**WHAT IS BEING ASKED**
Take the lines below beginning at the line that has "Exporte über die" and stopping after the line that has "Đồng chí Cao", and print them exactly as they are, with no other lines.

**RECORDS PROVIDED**
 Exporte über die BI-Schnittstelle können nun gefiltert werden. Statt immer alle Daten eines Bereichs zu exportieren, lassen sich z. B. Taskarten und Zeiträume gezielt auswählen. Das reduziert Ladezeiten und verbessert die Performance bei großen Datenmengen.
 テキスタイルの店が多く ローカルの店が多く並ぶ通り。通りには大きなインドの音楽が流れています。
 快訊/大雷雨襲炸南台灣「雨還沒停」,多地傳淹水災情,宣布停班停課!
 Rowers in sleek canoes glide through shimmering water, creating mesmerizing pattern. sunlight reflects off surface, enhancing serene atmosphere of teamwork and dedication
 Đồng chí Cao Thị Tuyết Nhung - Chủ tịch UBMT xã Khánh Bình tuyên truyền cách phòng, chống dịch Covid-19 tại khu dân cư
==
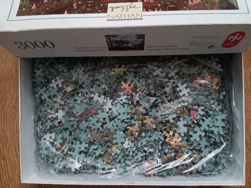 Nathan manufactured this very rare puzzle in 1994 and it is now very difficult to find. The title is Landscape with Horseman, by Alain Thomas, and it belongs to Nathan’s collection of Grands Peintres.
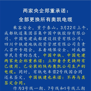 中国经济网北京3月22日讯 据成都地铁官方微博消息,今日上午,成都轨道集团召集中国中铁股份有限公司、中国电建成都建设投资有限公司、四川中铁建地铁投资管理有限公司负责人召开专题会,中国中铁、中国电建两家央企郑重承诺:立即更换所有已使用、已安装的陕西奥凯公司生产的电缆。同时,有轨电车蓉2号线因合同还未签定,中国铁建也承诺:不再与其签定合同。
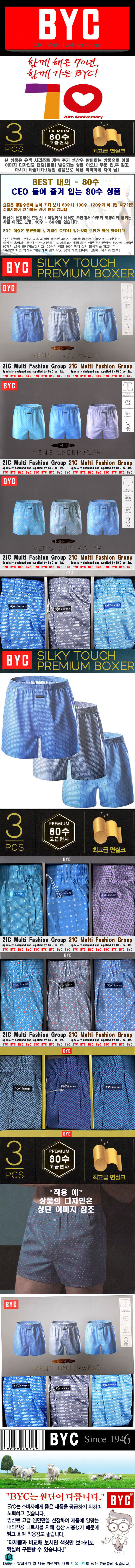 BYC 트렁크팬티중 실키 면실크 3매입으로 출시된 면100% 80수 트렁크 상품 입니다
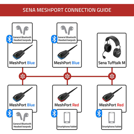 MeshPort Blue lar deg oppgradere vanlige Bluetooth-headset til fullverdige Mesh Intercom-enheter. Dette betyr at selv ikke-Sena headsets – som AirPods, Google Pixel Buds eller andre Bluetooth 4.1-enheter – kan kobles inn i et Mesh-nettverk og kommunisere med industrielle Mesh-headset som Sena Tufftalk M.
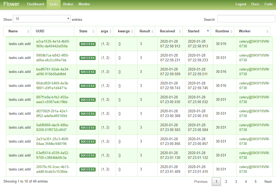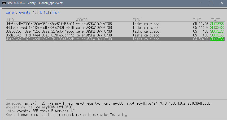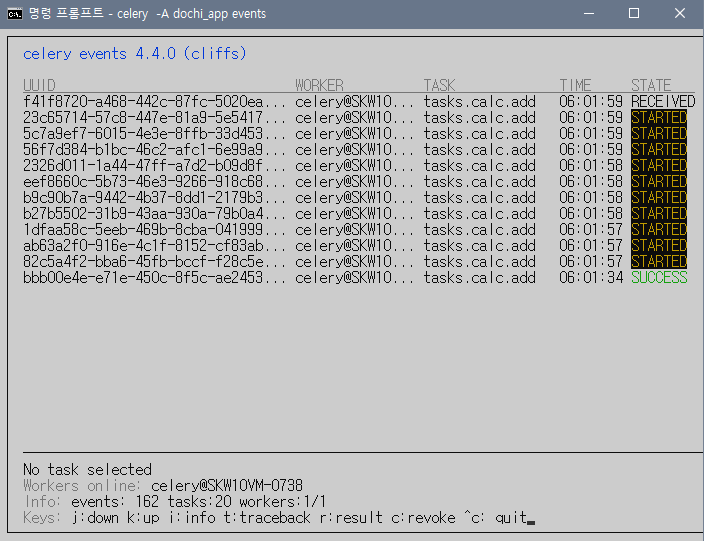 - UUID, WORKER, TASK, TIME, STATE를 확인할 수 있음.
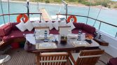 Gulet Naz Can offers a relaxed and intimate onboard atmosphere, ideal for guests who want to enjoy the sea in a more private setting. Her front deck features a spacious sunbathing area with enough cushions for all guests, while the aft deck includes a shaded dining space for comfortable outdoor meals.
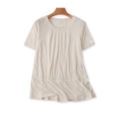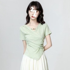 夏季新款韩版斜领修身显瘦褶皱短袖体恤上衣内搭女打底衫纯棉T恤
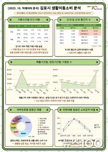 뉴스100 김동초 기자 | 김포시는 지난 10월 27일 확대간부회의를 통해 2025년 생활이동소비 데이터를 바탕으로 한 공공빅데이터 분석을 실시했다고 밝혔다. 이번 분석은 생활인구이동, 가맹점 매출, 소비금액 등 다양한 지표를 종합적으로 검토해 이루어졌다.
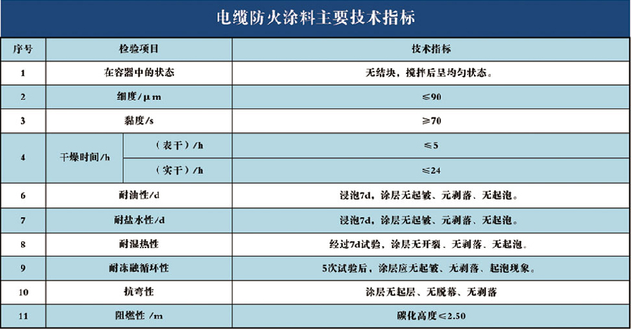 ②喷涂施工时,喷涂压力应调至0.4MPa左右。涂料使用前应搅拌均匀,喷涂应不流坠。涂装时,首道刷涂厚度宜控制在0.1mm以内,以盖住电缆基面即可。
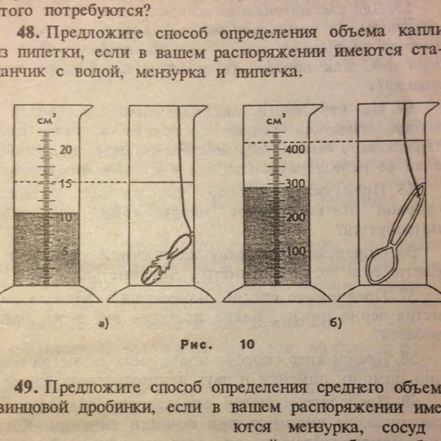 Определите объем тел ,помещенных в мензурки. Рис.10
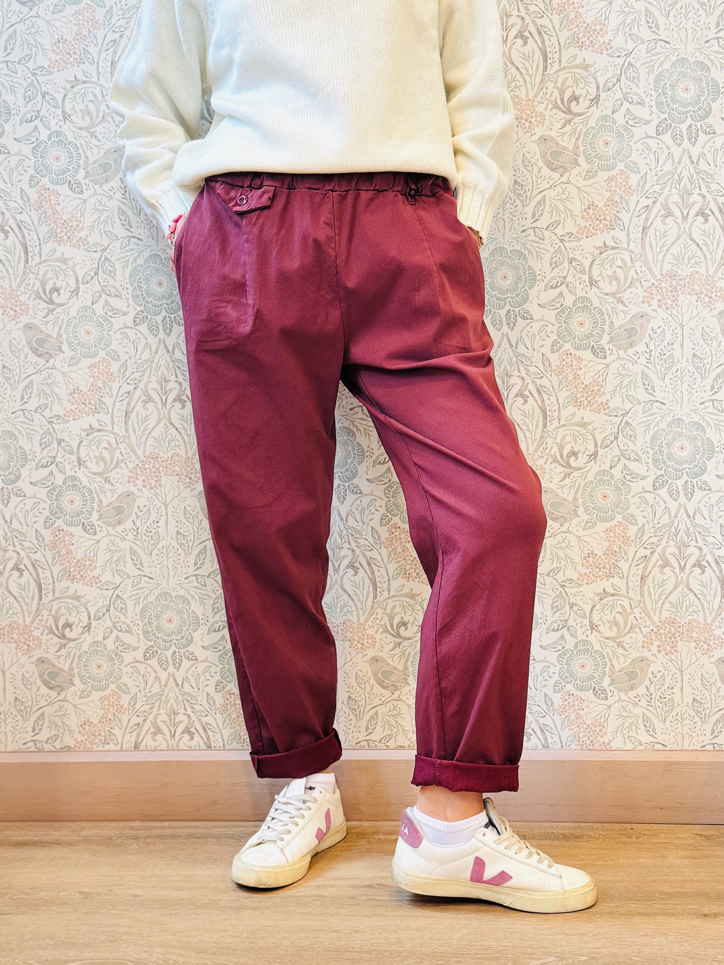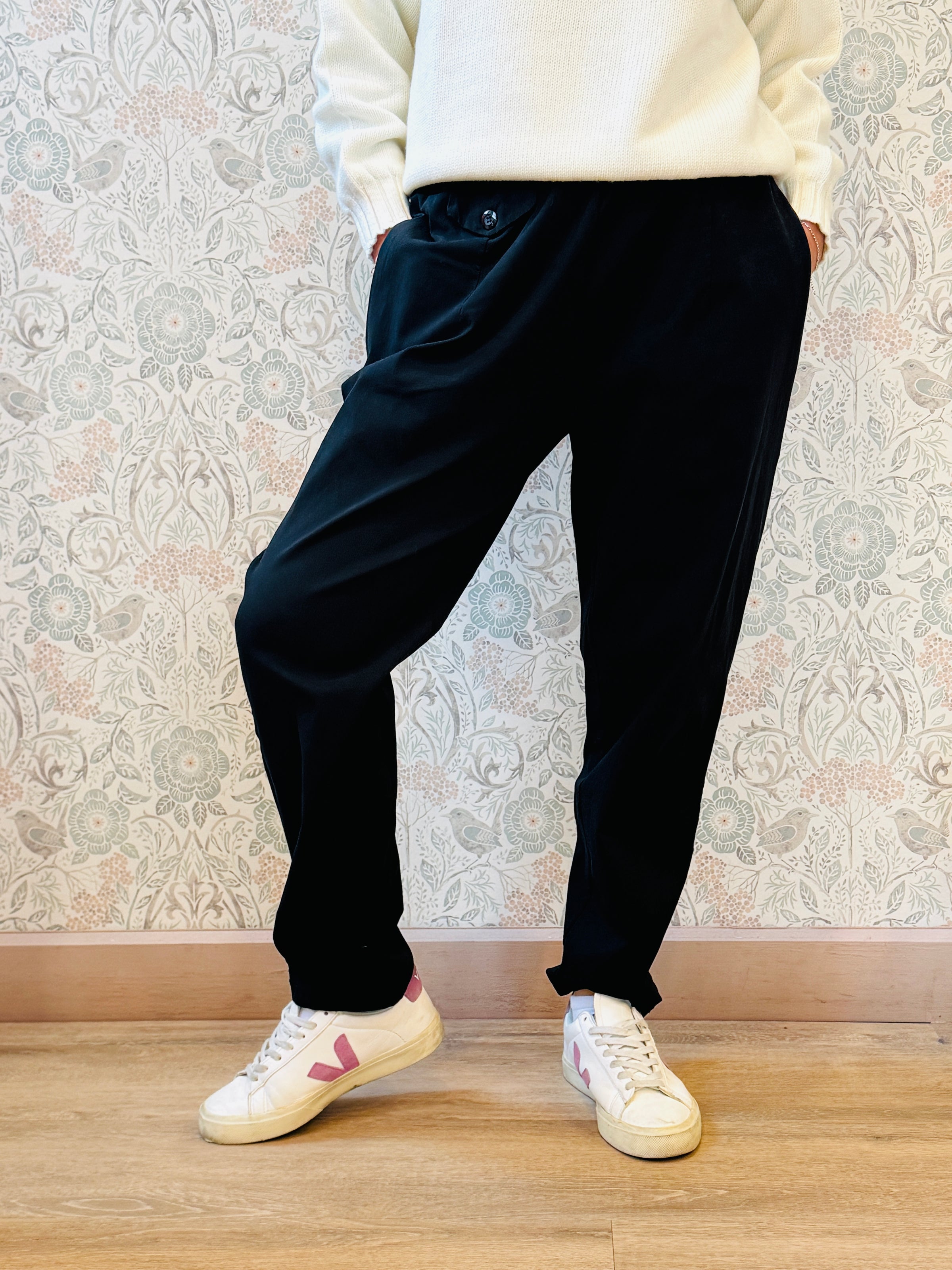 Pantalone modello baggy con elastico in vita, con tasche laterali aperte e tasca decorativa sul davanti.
--
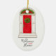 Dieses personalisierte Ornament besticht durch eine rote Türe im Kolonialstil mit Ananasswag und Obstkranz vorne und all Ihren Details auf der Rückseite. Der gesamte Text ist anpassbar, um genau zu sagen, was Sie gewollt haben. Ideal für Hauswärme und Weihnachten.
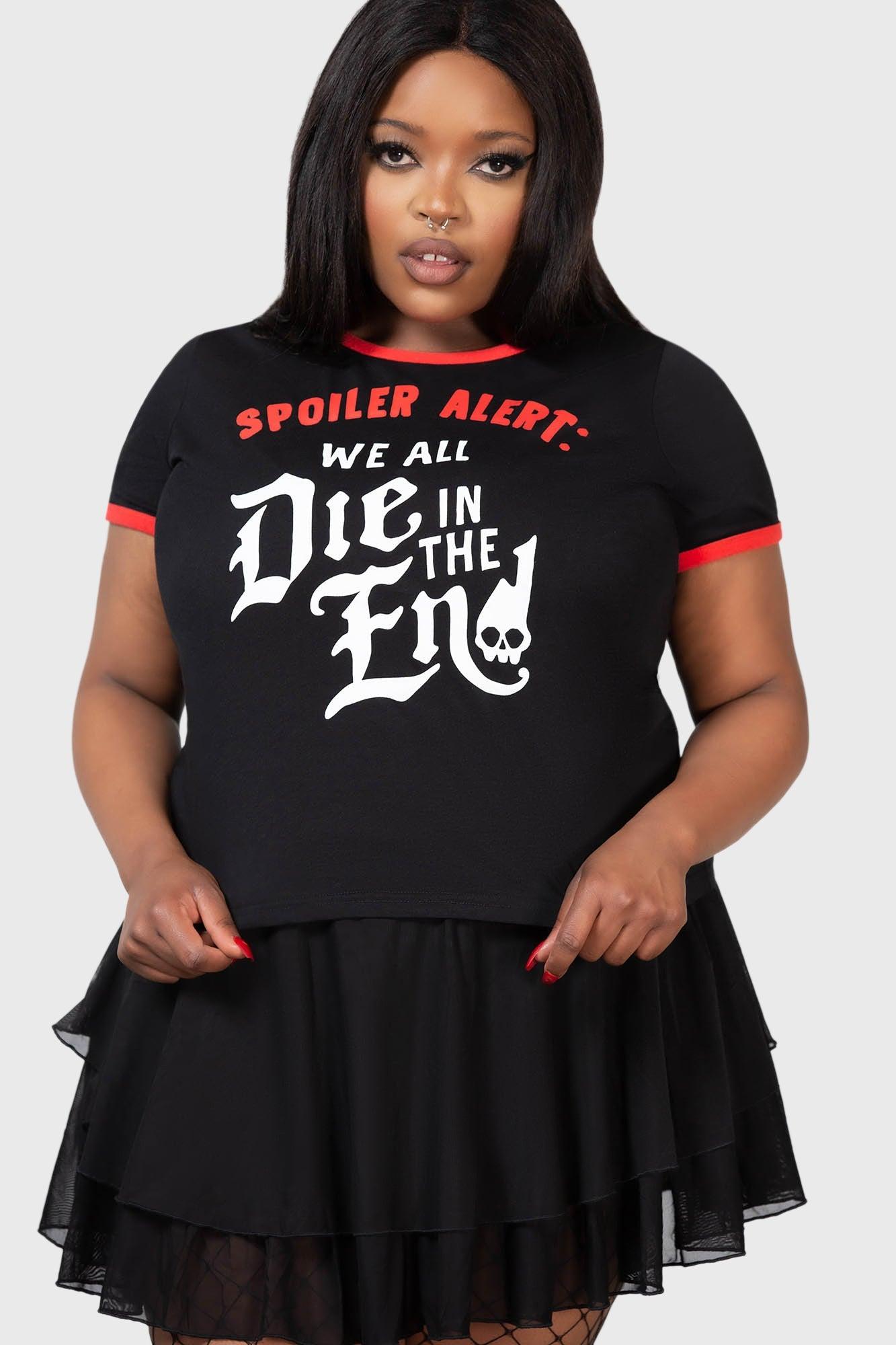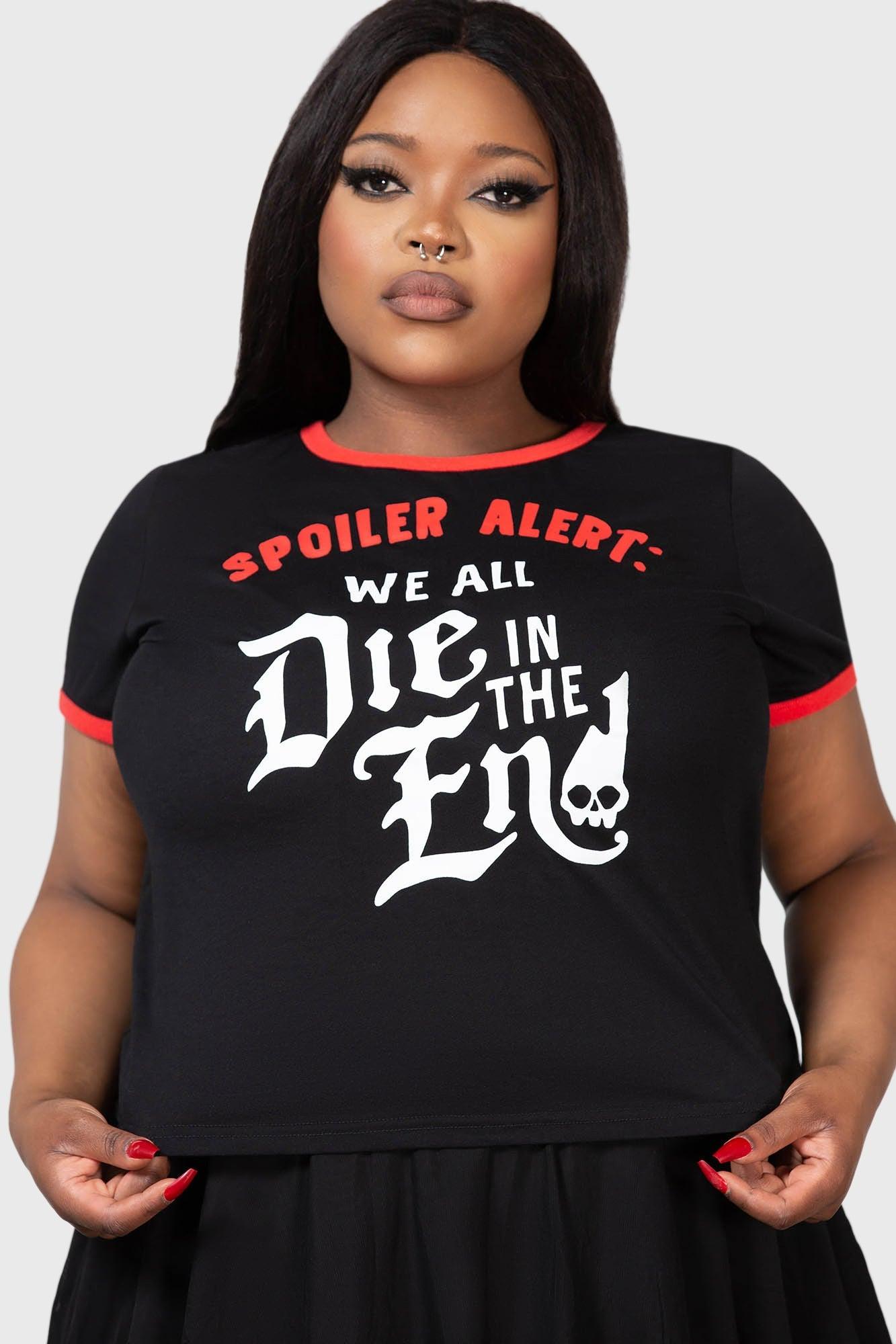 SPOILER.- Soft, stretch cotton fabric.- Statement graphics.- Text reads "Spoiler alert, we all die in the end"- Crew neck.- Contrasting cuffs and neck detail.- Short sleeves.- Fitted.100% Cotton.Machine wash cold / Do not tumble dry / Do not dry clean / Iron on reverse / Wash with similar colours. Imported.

**WRITTEN RESPONSE**
 Exporte über die BI-Schnittstelle können nun gefiltert werden. Statt immer alle Daten eines Bereichs zu exportieren, lassen sich z. B. Taskarten und Zeiträume gezielt auswählen. Das reduziert Ladezeiten und verbessert die Performance bei großen Datenmengen.
 テキスタイルの店が多く ローカルの店が多く並ぶ通り。通りには大きなインドの音楽が流れています。
 快訊/大雷雨襲炸南台灣「雨還沒停」,多地傳淹水災情,宣布停班停課!
 Rowers in sleek canoes glide through shimmering water, creating mesmerizing pattern. sunlight reflects off surface, enhancing serene atmosphere of teamwork and dedication
 Đồng chí Cao Thị Tuyết Nhung - Chủ tịch UBMT xã Khánh Bình tuyên truyền cách phòng, chống dịch Covid-19 tại khu dân cư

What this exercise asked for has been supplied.